Under these circumstances it was of little avail to the Viceroy that his army stood on Turkish soil without a foe before it, and that the Sultan's fleet lay within his own harbour of Alexandria. The intrigues by which he hoped to snatch a hasty peace from the inexperience of the young Sultan failed, and he learnt in October that no arrangement which he might make with the Porte without the concurrence of the Powers would be recognized as valid.

In the meantime Russia was suggesting to the English Government one project after another for joint military action with the object of driving Mehemet from Syria and restoring this province to the Porte; and at the beginning of the following year it was determined on Metternich's proposition that a Conference should forthwith be held in London for the settlement of Eastern affairs. The irreconcilable difference between the intentions of France and those of the other Powers at once became evident. France proposed that all Syria and Egypt should be given in hereditary dominion to Mehemet Ali, with no further obligation towards the Porte than the payment of a yearly tribute. The counter-proposal of England was that Mehemet, recognizing the Sultan's authority, should have the hereditary government of Egypt alone, that he should entirely withdraw from all Northern Syria, and hold Palestine only as an ordinary governor appointed by the Porte for his lifetime.
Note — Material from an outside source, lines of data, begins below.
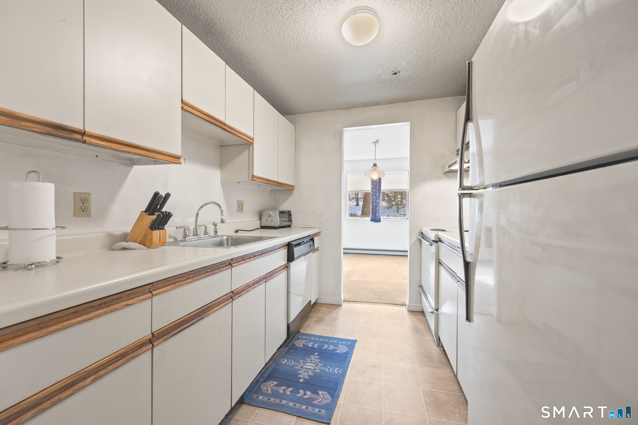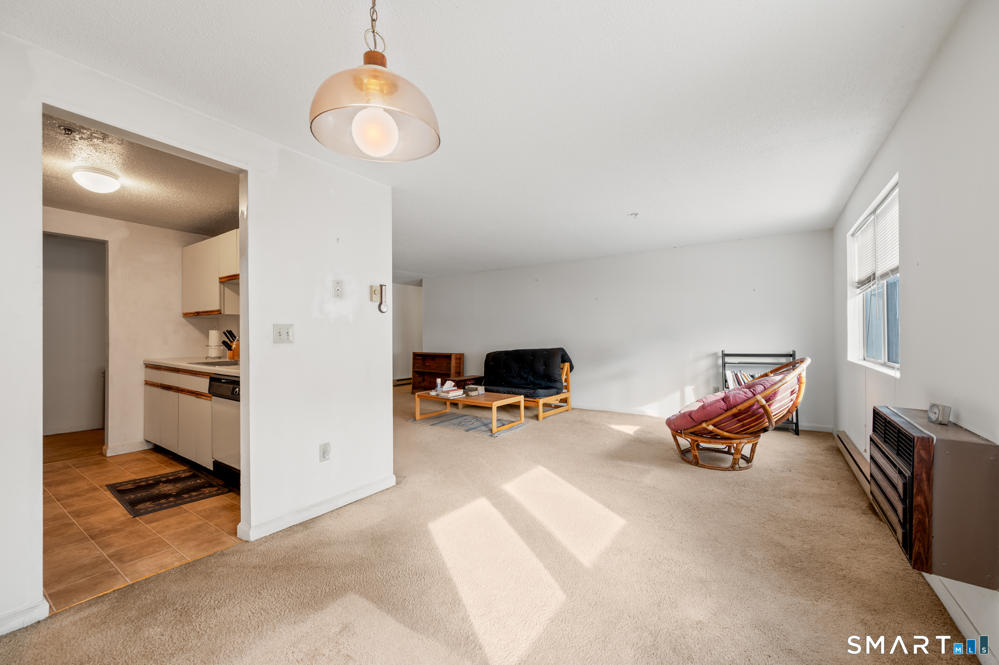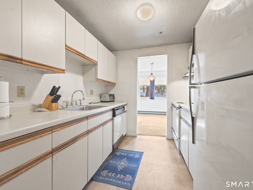 Great location! Quiet setting, right off the main road but close to shops, dining, hospitals, schools, public transportation, and highways. This is certainly a diamond in the rough. The layout features a private bedroom, a large open living room and dining room, and a galley kitchen. It needs some cosmetic updates, but is definitely move-in ready. This home is being sold AS IS. There is stacked washer-dryer in the unit. With a little bit of TLC, this first-floor, ranch-style condo can be your dream home. This unit has never been on the market before! Here is your chance to purchase a very rare one-bedroom at River Bend!
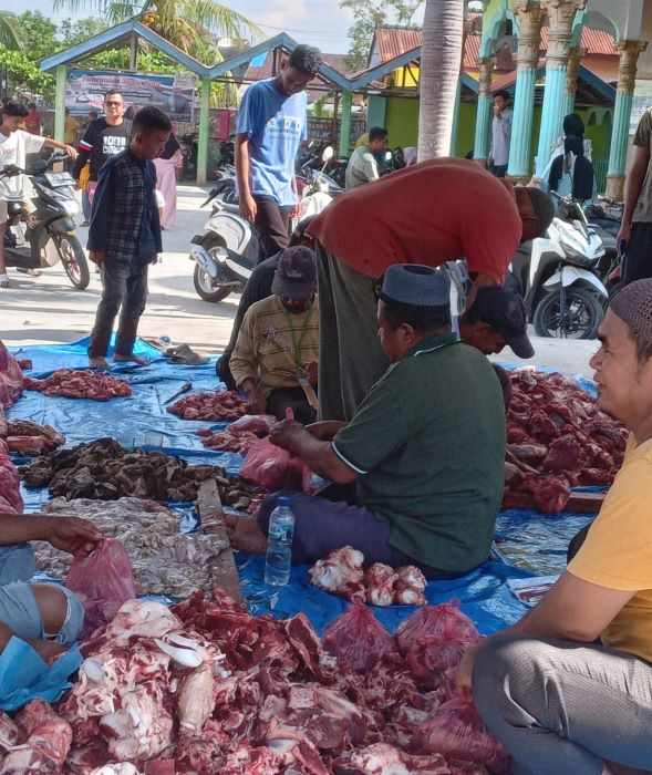Prosesi penyembelihan berlangsung di berbagai masjid maupun mushalla di kelurahan yang terdiri dari delapan lingkungan tersebut.
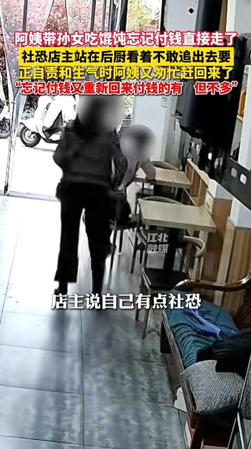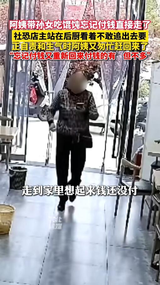 “看人社恐好欺负?”近日,安徽,一位阿姨带着孙女到店里吃馄饨,结果吃完之后,没付钱就走了。店主看到后,因为社恐,也没敢追去要,只能自己一个人生闷气。没想到,十几分钟后,阿姨又火急火燎的跑回来付钱了!网友:误会了! 据媒体3月30日报道,李先生开馄饨店十多年了,自己一直有些社恐。事发当天,这位阿姨带着孙女,来店里点了一份15元的馄饨,吃完没付钱就离开了。 当时店里还有其他客人,加上李先生社恐作祟,他也不敢追出去要,就眼睁睁看着他们走了,自己一个人搁那儿生气自责。李先生说,他之前还发过视频,说自己社恐的事儿,这回倒好,让人家欺负上了。 没想到过了十几分钟,这位阿姨又急匆匆的跑了回来。言说自己大意了,到家才想去没给钱。这时候,李先生还在生闷气呢,听到这儿,更自责了。心里直说,自己太小心眼了。 他说,现在一碗馄饨也没多少钱,一般都要不会赖账。但吃完不付钱的也有,走了又回来付的还真是不多。 网友看后表示,赖账的没有几个,大部分都是真忘了。自己出去吃饭,当时不付,吃饭的时候再玩个手机,一会儿就想不起来付没付了。为了避免这种尴尬,都是先付了钱再吃! 信息来源:《阿姨带孙女吃馄饨忘记付钱直接走了, 社恐店主站在后厨看着不敢追出去要,正自责和生气时阿姨又匆忙赶回来了,店主:忘记付钱又重新回来付钱的有,但不多(来源:@二蛋蛋 )》江北融媒

To this proposition all the Powers with the exception of France gave their assent. Continued negotiation only brought into stronger relief the obstinacy of Lord Palmerston, and proved the impossibility of attaining complete agreement. At length, when it had been discovered that the French Cabinet was attempting to conduct a separate mediation, the Four Powers, without going through the form of asking for French sanction, signed on the 15th of July a Treaty with the Sultan pledging themselves to enforce upon Mehemet Ali the terms arranged. The Sultan undertook in the first instance to offer Mehemet Egypt in perpetuity and southern Syria for his lifetime. If this offer was not accepted within ten days, Egypt alone was to be offered. If at the end of twenty days Mehemet still remained obstinate, that offer in its turn was to be withdrawn, and the Sultan and the Allies were to take such measures as the interests of the Ottoman Empire might require.

The publication of this Treaty, excluding France as it did from the concert of Europe, produced a storm of indignation at Paris. Thiers, who more than any man had by his writings stimulated the spirit of aggressive warfare among the French people and revived the worship of Napoleon, was now at the head of the Government. His jealousy for the prestige of France, his comparative indifference to other matters when once the national honour appeared to be committed, his sanguine estimate of the power of his country, rendered him a peculiarly dangerous Minister at the existing crisis. It was not the wrongs or the danger of Mehemet Ali, but the slight offered to France, and the revived League of the Powers which had humbled it in 1814, that excited the passion of the Minister and the nation. Syria was forgotten; the cry was for the recovery of the frontier of the Rhine, and for revenge for Waterloo. New regiments were enrolled, the fleet strengthened, and the long-delayed fortification of Paris begun. Thiers himself probably looked forward to a campaign in Italy, anticipating that successfully conducted by Napoleon III in 1859, rather than to an attack upon Prussia; but the general opinion both in France itself and in other states was that, if war should break out, an invasion of Germany was inevitable.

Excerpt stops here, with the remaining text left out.